What to work on »
Output, verbatim and without pictures, the lines from the first line of the listing through the line containing "Camisa de Trabajo".
------------
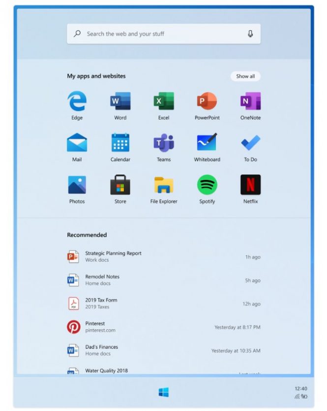 Noua scăpare arată că va fi un hibrid între o interfaţă tradiţională de desktop şi una de tabletă sau telefon mobil. Taskbar-ul va include un icon pentru aplicaţiile pornite recent, în stil iPadOS spre exemplu. Zona Quick Settings are două niveluri de detalii, lucru inspirat de bara status din Android. Se pare şi că odată ce activăm un terminal şi îl pornim din standby trecem direct la autentificare, fără să glisăm vreo fereastră cu fundal foto.
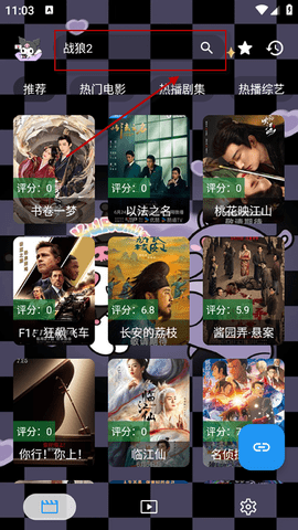 2、点击首页顶部搜索栏,输入影片名称,点击搜索结果进入详情页。
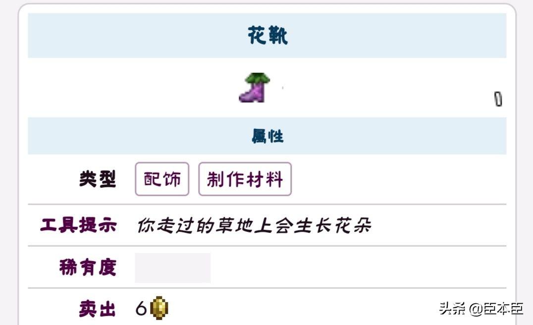 工具,草药收割机,用来收草药可以获得额外收益并且不会伤害到未成熟的草药。哦对了还能在泥土上种草皮。花靴
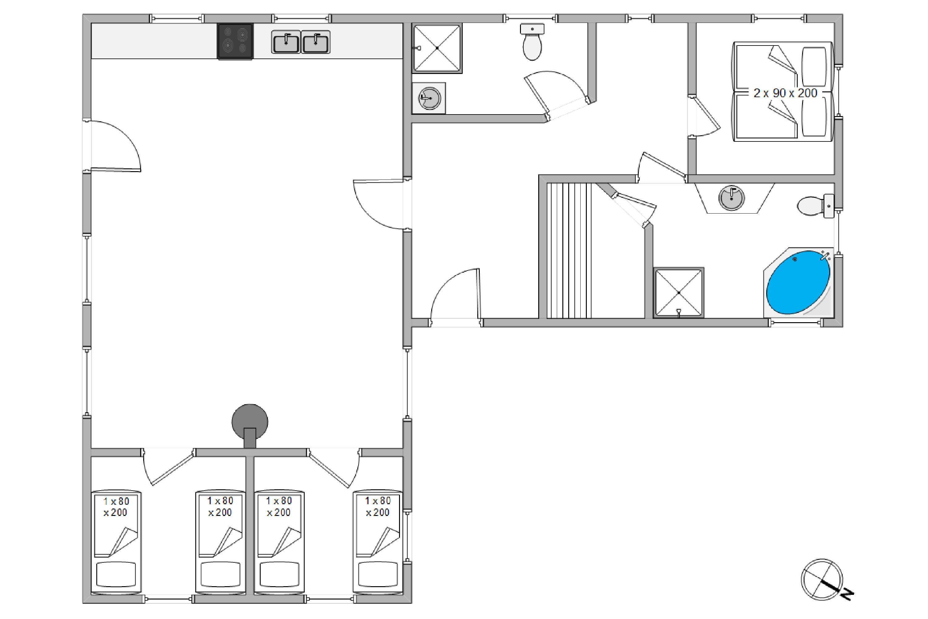 I dette skønne sommerhus med plads til 6 personer er der en rigtig god og meget hyggelig indretning. Her er 3 dejlige soveværelser, hvoraf det ene er med dobbeltseng og de andre værelser er med enkeltsenge. Sommerhusets to badeværelser, som er blevet renoveret i 2024, er begge er med gulvvarme og bruser. I det store badeværelse finder du endvidere sauna og spa. Overalt i sommerhuset er der trægulv med gulvvarme og i den komfortabelt møblerede stue er der en brændeovn, som både giver en masse varme, men også giver en rigtig hyggelig stemning. Sommerhuset byder desuden på gratis trådløs internet, kaffemaskine og alt i hårde hvidevarer; så som opvaskemaskine, vaskemaskine og tørretumbler.
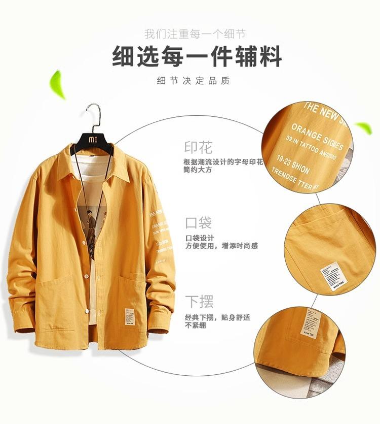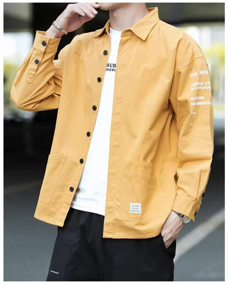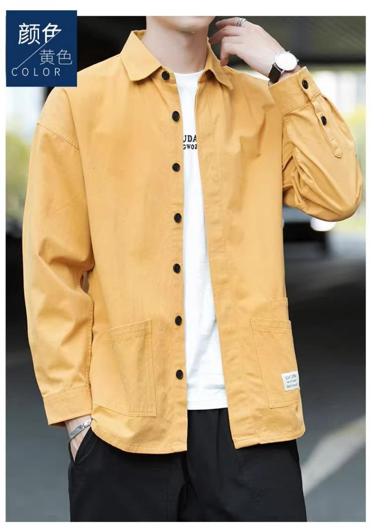 Camisa de Trabajo de Estilo Nuevo de Primavera y Otoño para Hombre de Manga Larga Estilo Coreano a la Moda Suelta con Bolsillos Chaqueta Delgada Casual para Combinar con Todo
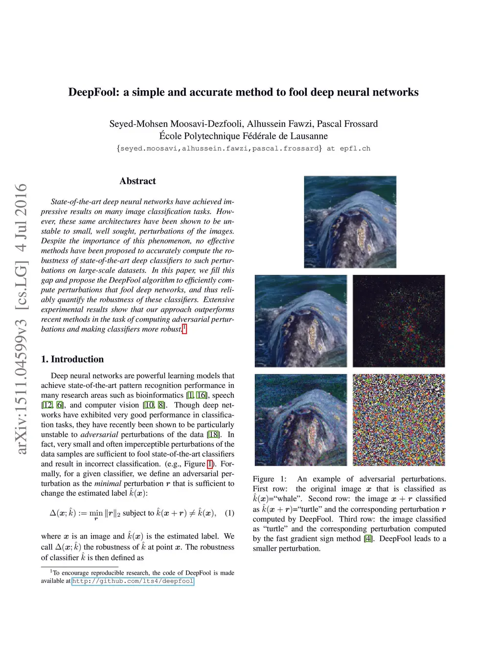 State-of-the-art deep neural networks have achieved impressive results on many image classification tasks. However, these same architectures have been shown to be unstable to small, well sought, perturbations of the images. Despite the importance of this phenomenon, no effective methods have been proposed to accurately compute the robustness of state-of-the-art deep classifiers to such perturbations on large-scale datasets. In this paper, we fill this gap and propose the DeepFool framework to efficiently compute perturbations that fools deep network and thus reliably quantify the robustness of arbitrary classifiers. Extensive experimental results show that our approach outperforms recent methods in the task of computing adversarial perturbations and making classifiers more robust. To encourage reproducible research, the code of DeepFool will be available online.
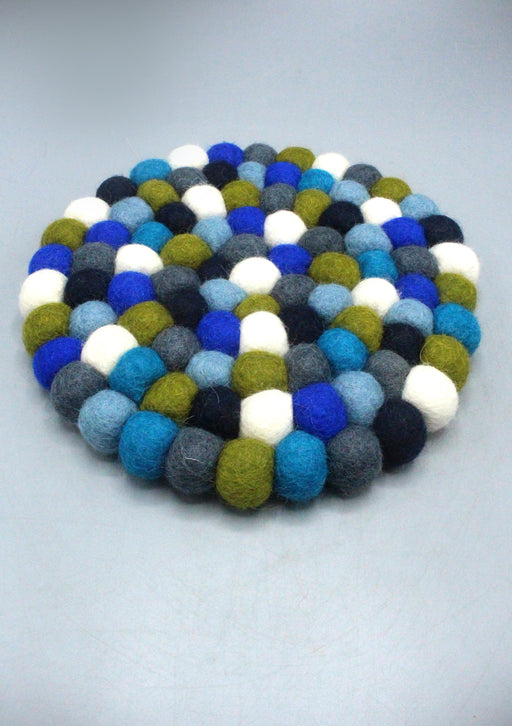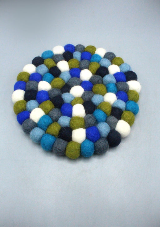 This is a Green, Blue and White Colored Felt Ball Round Trivet. This trivet is perfect addition to your kitchen ware during holidays as its bright ...
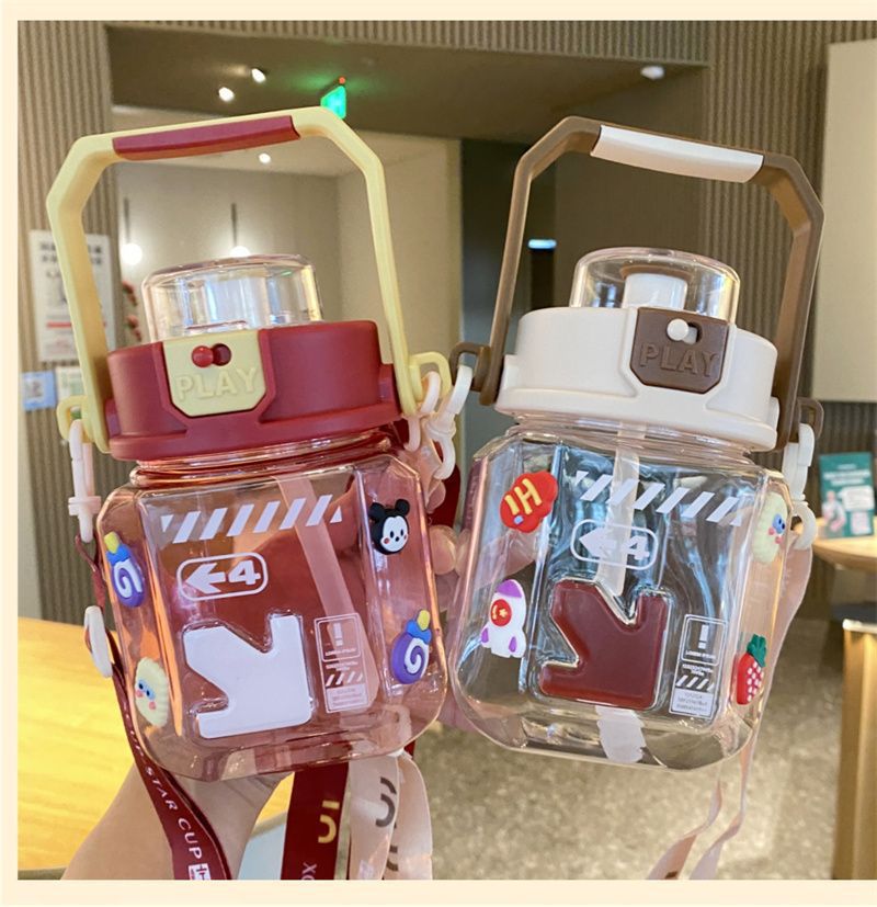 Verano niños de dibujos animados tazas de agua de plástico de gran capacidad lindas tazas portátiles tazas de paja deportivas al aire libre para hombres y mujeres
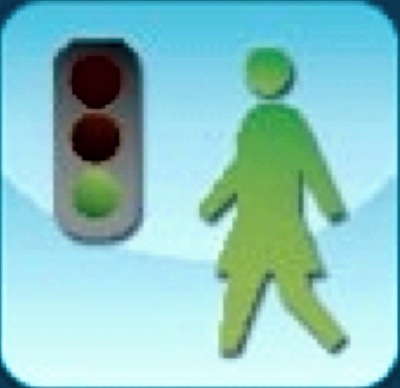 Logo montrant un piéton en mouvement et un feu tricolore.
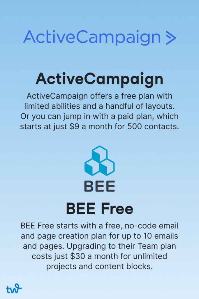 تقدم ActiveCampaign خطة مجانية ذات قدرات محدودة وحفنة من التخطيطات. أو يمكنك الدخول بخطة مدفوعة تبدأ من 9 دولارات شهريًا مقابل 500 جهة اتصال.
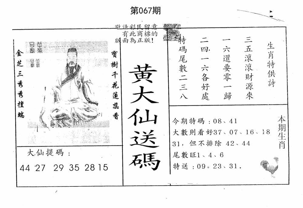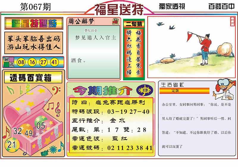 065期:【跑狗九肖】开龙03 跑狗九肖:狗猴羊龙蛇虎兔鼠鸡 跑狗七肖:狗猴羊龙蛇虎兔 跑狗五肖:狗猴羊龙蛇 跑狗三肖:狗猴羊 12码:05 16 41 09 22 21 27 08 32 29 12 43 | ||
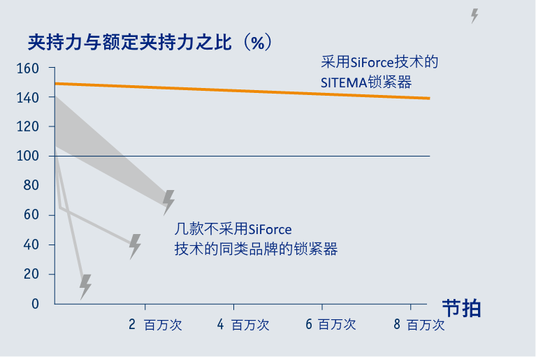 与SiForce技术不同,依靠弹簧操动的锁紧器是通过碟形弹簧或螺旋弹簧将锁紧器挤压在锁紧杆上来制造夹持力的。通过这一途径产生的夹持力取决于弹簧,且不会改变。每一次锁紧器触发,都会产生百分之百的夹持力,因而也会造成百分之百的磨损。
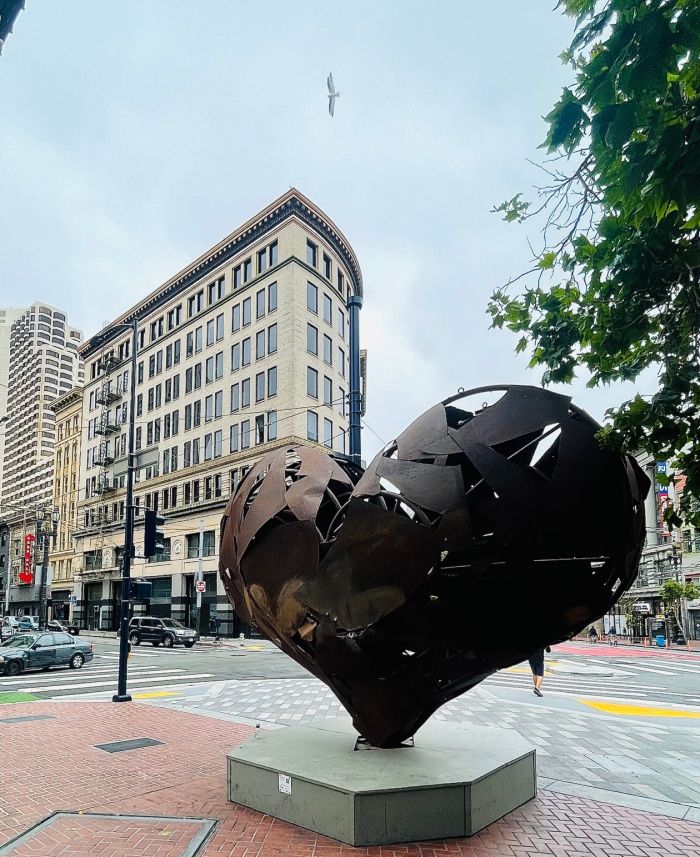 Also at Union Square Plaza, Monika Steiner’s ‘Gathering’ heart. This Bay Area based professional artist, originally from Switzerland, received her BFA degree from Sonoma State University. Her work has been shown nationally and internationally in galleries, museums, and public exhibitions. She is represented by galleries in San Francisco, Seattle, Santa Fe, New York, and Berlin.
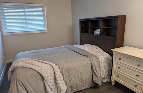 2 Bedroom House with Air Conditioner, Bedding and Kitchen
------------
Your response »
 Noua scăpare arată că va fi un hibrid între o interfaţă tradiţională de desktop şi una de tabletă sau telefon mobil. Taskbar-ul va include un icon pentru aplicaţiile pornite recent, în stil iPadOS spre exemplu. Zona Quick Settings are două niveluri de detalii, lucru inspirat de bara status din Android. Se pare şi că odată ce activăm un terminal şi îl pornim din standby trecem direct la autentificare, fără să glisăm vreo fereastră cu fundal foto.
 2、点击首页顶部搜索栏,输入影片名称,点击搜索结果进入详情页。
 工具,草药收割机,用来收草药可以获得额外收益并且不会伤害到未成熟的草药。哦对了还能在泥土上种草皮。花靴
 I dette skønne sommerhus med plads til 6 personer er der en rigtig god og meget hyggelig indretning. Her er 3 dejlige soveværelser, hvoraf det ene er med dobbeltseng og de andre værelser er med enkeltsenge. Sommerhusets to badeværelser, som er blevet renoveret i 2024, er begge er med gulvvarme og bruser. I det store badeværelse finder du endvidere sauna og spa. Overalt i sommerhuset er der trægulv med gulvvarme og i den komfortabelt møblerede stue er der en brændeovn, som både giver en masse varme, men også giver en rigtig hyggelig stemning. Sommerhuset byder desuden på gratis trådløs internet, kaffemaskine og alt i hårde hvidevarer; så som opvaskemaskine, vaskemaskine og tørretumbler.
 Camisa de Trabajo de Estilo Nuevo de Primavera y Otoño para Hombre de Manga Larga Estilo Coreano a la Moda Suelta con Bolsillos Chaqueta Delgada Casual para Combinar con Todo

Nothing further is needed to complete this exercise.